The older I grow, the harder I find it to write about anything but memory. I picture it as a cloudy golden fluid, in which once solid, living, things, rather than being preserved like flies in amber, dissolve and fragment.” – Nicholas Faxton.

So, time for some memory work. Who was the Milburn I remember? Memory speaks :

“He was the first player I remember well, the first to really capture my imagination. Although I lived in Lancashire as a child, my family spent most of the Summer holidays staying with my Grandparents in Northamptonshire, and we spent a lot of time at Wantage Road, watching the cricket. I can picture my Mother’s Father driving my Dad (who didn’t drive) and I to the ground, and I particularly remember my Dad being anxious that we should arrive in time for the start of play, in case Northamptonshire batted first. He didn’t want to miss Milburn bat, you see, who I had been told was capable of doing extraordinary things – he might hit boundaries – even a six! – in the first over, or score a Century before lunch, which was considered a great achievement in those days.

Sometimes, of course, we would be unlucky. Northants would bowl first, and I would have to be content with watching Milburn fielding at short leg (his rear view was a source of great amusement), or bowling his underestimated medium-pacers. The best you could hope for would be that he would field in the outfield and have to pursue a ball to the boundary, urged on by the crowd as it accelerated away from him. But if were lucky, Northants would bat, and Milburn would open.

Milburn’s opening partner was always Roger Prideaux. I can see them now, walking down the steps of the old pavilion, Prideaux immaculately turned out in his Cambridge Blue cap and knotted silk ‘kerchief, Milburn, bare-headed, his belly already straining to remove his shirt tails from his trousers. My strongest memory of him is of sitting in the old West Stand and readying ourselves to take evasive action as Milburn pulled ball after ball to the boundary, often low and hard and straight into the stand itself, crashing into the wall and rebounding down the tiers of seats, scattering the spectators and upsetting our thermos flasks.
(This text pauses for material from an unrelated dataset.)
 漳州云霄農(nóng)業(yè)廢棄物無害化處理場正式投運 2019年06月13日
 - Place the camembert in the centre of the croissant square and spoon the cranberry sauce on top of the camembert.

By this stage, he would be sweating profusely and his belly would have freed itself from his shirt and his shirt tails from his trousers.
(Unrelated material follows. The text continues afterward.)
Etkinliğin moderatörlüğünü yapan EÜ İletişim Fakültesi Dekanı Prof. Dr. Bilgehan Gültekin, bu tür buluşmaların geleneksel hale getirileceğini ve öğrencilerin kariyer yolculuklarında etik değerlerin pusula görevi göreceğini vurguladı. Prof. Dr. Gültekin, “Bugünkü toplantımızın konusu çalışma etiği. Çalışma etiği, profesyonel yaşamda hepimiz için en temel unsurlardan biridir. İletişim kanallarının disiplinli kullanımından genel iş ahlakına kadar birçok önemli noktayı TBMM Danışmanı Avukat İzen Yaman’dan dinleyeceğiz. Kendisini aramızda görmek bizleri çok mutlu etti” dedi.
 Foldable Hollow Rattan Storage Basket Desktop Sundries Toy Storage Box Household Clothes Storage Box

Of course, we all thought he should have played for England more often than he did. Another clear memory is of the announcement of the touring side to Pakistan in the Winter of 1968/9. In those days the composition of the party was announced over the radio at the end of the 2 o’clock news on the Sunday of the last Test of the Summer. I can picture us sitting in the dining room of my Grandparents’ house, dinner cleared away (and, I suspect, my Mother and Grandmother already doing the washing up), with the old Roberts radio already tuned in. We listened as the names were announced, the Captain first, then in alphabetical order – J, K (Knott?), then straight on to P for … Prideaux! The surprise that Prideaux had been chosen, and Milburn left out (which we probably blamed on some kind of class prejudice) quite obscured the fact that D’Oliveira had not been selected either.

Then, of course, came his accident …”

But let us stop for a moment, and ask how much of this is true. That is, how much of it is an accurate account of what I can remember, as opposed to simply writing, and how much of what I think I can remember might be true?

To begin with, Milburn’s accident occurred in May 1969, when I was eight years old, and I can remember very little of my earliest childhood. It is true that, in the mid-1960s, we used to stay with my Grandparents during the Summer holidays (there are photographs and even cine-films as proof), but I don’t think it would have been for all, or even most, of them (that belongs to a slightly later period), and I’m not sure that we spent all that much time watching cricket together at Northampton (if anything, we would have watched the games at Kettering, which I don’t remember at all).

Even if we had spent the whole of July and August in Kettering between 1966 and 1968 (I don’t think I would be capable of remembering anything before that), we could, according to Cricket Archive, have watched 21 home games (4 of those at Wellingborough or Kettering) : Milburn played in 11 of them, making 4 fifties (3 in 1967, 1 in 1968), with a highest score of 58 (in fact, Prideaux seems to have been the more prolific of the two). Looking at the scorecards, I can’t say any of them rings a particular bell : if I had to pick one out that might have lodged in my mind, it is quite likely that we would have watched the match against Nottinghamshire on 31st July 1968 (to see Gary Sobers), in which Milburn made 49, batting at no. 3, but that is pure conjecture.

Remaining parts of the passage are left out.